Growing up joyful amid chaos

A few weeks back I regaled you with an account of the relatively privileged lifestyle my folks and I lived in Ikoyi, Lagos – before the Nigerian civil war in 1966. I was going to contrast that with the turbulent but somewhat exciting life the civil war thrust us into, but my cancer diagnosis-inspired trip down memory lane was rudely interrupted by a Boko Haram “ambush.” So I suspended my nostalgic excursions and joined the rest of the world in addressing the cancer that is Boko Haram – eating away the core of our nation’s soul. I have made other detours but I long to share with you the joys of revisiting my past – and reflecting on the good, the bad, the ugly.

 

Emeka Odumegwu Ojukwu, inspecting Biafran soldiers during the Nigerian civil war

After the killings started, my folks and I often sought refuge in the home of our American church minister while we still lived in Lagos. My father must have had a hard time deciding what to do to keep his family safe and looking back I can see that things could have gone awry. He hired a driver to drive my two sisters and I to Enugu and he stayed back for a while.

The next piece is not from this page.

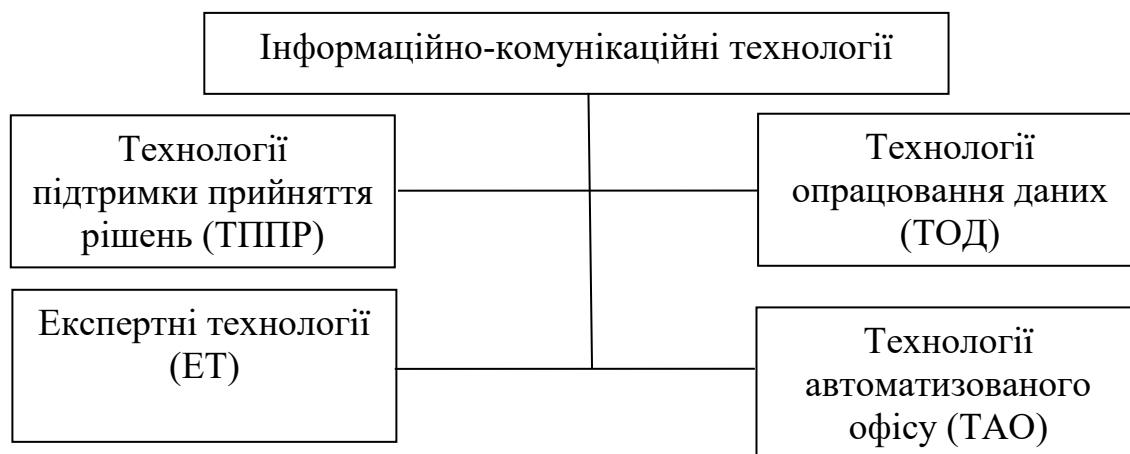
Рис. 1. – Класифікація інформаційно-комунікативних технологій.

Розвиток інформаційно-комунікаційних технологій (ІКТ) зумовив їх різноманіття в залежності від їхнього призначення (рис. 1).

From Enugu we moved to Port Harcourt and then back to Enugu again. And from Enugu we fled to the joyful embrace of our hometown and from there to countless other refugee spots sometimes spending only a night before the sound of enemy fire forced us to flee.

 

The flight from Lagos – the first of many we would undertake – went relatively smoothly. At six years old, my only problem was deciding what toys to take because my father put a strict limit on what we could take. My doll just had to go with me but – but I could not take her sewing kit and other paraphernalia.

 

Back in the East, my father kept us in the same kind of school we were attending in Lagos – Saint Saviours, Ikoyi. We attended All Saints, Enugu and Saint Nicholas, Port Harcourt. But soon all that exclusive schooling came to an abrupt end. The entire school system in the East shut down and we were thrust into the school of hard knocks – deadly air raids, starvation, treks on foot, homelessness and sleeping in the bush.

 

After the school system shut down, my mother (like many other private citizens) stepped up and opened a home school. She had been a high school teacher before going to the university. She earned income for the family from the school and thanks to her enterprising spirit my siblings and I and our home school mates did not fall far behind in our education. We, the lucky ones, were able to keep up with our counterparts in the safe parts of Nigeria and the transition to federal secondary schools was relatively smooth for us. Many others, including my mother, lost valuable years of education. Many others lost a lot more.

 

My mother who had been attending the University of Nigeria, Nsukka at the outbreak of the civil war had to start her studies afresh at the university at the end of the war. But she did not lose any of her children. I heard of mothers throwing some of their children away when they could no longer bear them on their heads in baskets.

 

The war years were not all that traumatic for some of us. Actually, some of us say they were the happiest years of our lives. Ignorance (and innocence) was indeed blissful. Our parents did the worrying. The air raids were indeed scary, we dived under our desks in our home school but after it was over we continued with our lives, a little shaken but not traumatised.

 

For me and many of my friends and relatives, the best of those happy civil war years were the ones we spent in our hometown. Like many Easterners, we discovered that our hometown was the only place we felt safe and rooted.

 

Can you imagine the thrill of discovering village life – a life dramatically different from what we lived in Ikoyi, Lagos. I say to friends that my siblings and I would probably have been disconnected from our Nigerian and ethnic heritage if not for the civil war. Sometimes, I think: What were my parents thinking, enrolling us at those exclusive Whites dominated schools. But I must admit they served some purpose and I am thankful for the early exposure to folks from other cultures. Maybe that is why I am comfortable among people of different races.

 

Nevertheless, I implore my siblings and friends to ensure their children become steeped in some part of Nigerian ethnic culture. Those parents who take pride in their children’s inability to speak any Nigerian language puzzle me. When those children come to American colleges they discover they have little or nothing to contribute to the rich cultural tapestry others around them are weaving.

 

It is child abuse not to raise Nigerian-culture literate children fluent in at least one Nigerian language.